Bad news for the sleep deprived: Lack of sleep makes you fat!

sleep deprived

“When we are sleep deprived our metabolism is low, so will not burn the excessive intake of fat we resort to.”

When we feel unrested or unfocused, more often than not we seek a quick fix to help us through the day; a coffee or a sweet treat to give us that boost we need. Little do we know, this fix is part of the process in which sleep and diet intertwine to leave us with unwanted pounds. Being sleep deprived is a bad habit. Poor sleep craves sugar which in turn promotes poor sleep!  This vicious cycle may seem hard to beat but there are ways to get your sleep pattern back on track.

Mark Mahowald,  MD, director of the Minnesota Regional Sleep Disorders Center, stresses how the importance of sleep is drastically underestimated as part of a healthy lifestyle. He says we ‘brag about doing an all-nighter’, but don’t realize how much our body is paying for it. Michael Breus, PhD, author of Beauty Sleep explains that when we are sleep-deprived our metabolism is low, so will not burn the excessive intake of fat we resort to. We need 7.5 hours of good sleep to not crave the sugar we need to help us function during the day. Two hormones are prominent in connecting our sleep and food intake; ghrelin and leptin. The former tells us when to eat; we produce more when we are sleep deprived, whilst the latter tells us to stop eating, we have more of this when well-rested.
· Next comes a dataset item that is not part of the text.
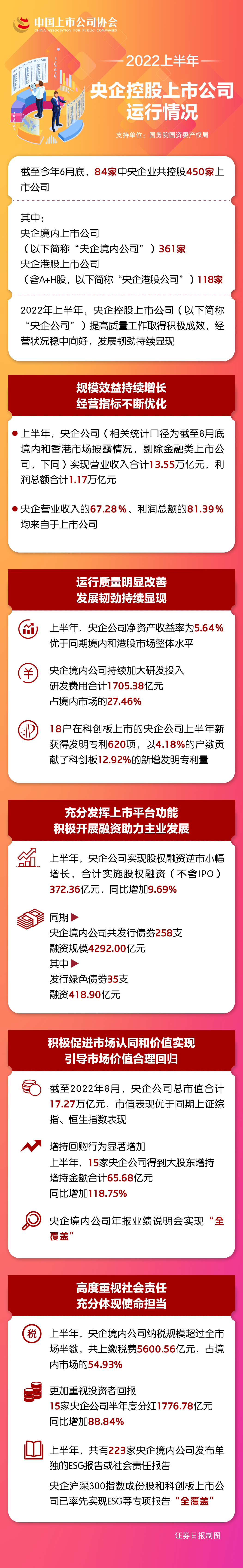 據(jù)中國上市公司協(xié)會(以下簡稱“中上協(xié)”)消息,9月23日,中上協(xié)發(fā)布《央企控股上市公司2022年上半年運(yùn)行情況報告》(以下簡稱《報告》)。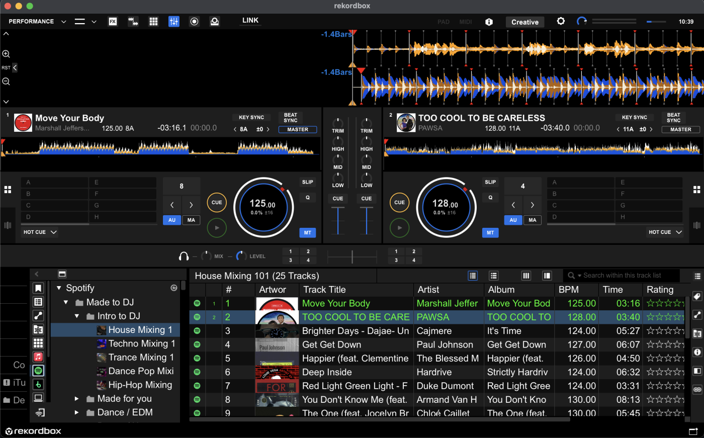 Hoy en día, la situación es, por supuesto, incomparablemente diferente, y pinchar con servicios de streaming lleva las cosas un paso más allá. En lugar de escuchar fragmentos de música y crear cajas digitales para descargar mientras poco a poco descubres tus géneros preferidos, ahora los DJs pueden lanzarse directamente y empezar a mezclar. Los servicios de streaming están integrados en rekordbox y en reproductores compatibles de tal manera que te permiten hacer precisamente eso. Desde las listas de géneros de Beatport hasta las listas de reproducción personalizadas de Spotify, un DJ novel podría literalmente probar a mezclar 10 géneros diferentes en su primera sesión.

So how do we stop the sleep shortage sugar binge? The first thing to do is to practice sleep hygiene; evaluate the quality of your sleep- sleeping for a long period of time is not the same as sleeping well. If your quality is poor, cut out afternoon bouts of caffeine. This will promote deep sleep as caffeine has an after life of 8 hours, meaning that 4pm coffee is still working its magic when you’re tucked up in bed. Exercise can also help our sleeping pattern resume regularity, as long as it’s not straight before bed. Finally, do not eat late at night and choose a healthy diet. If hunger strikes, reach for healthy snacks so as not to disrupt the winding down of brain and body with sugar. Such habits should help improve sleep quality and maybe drop a few pounds in the process!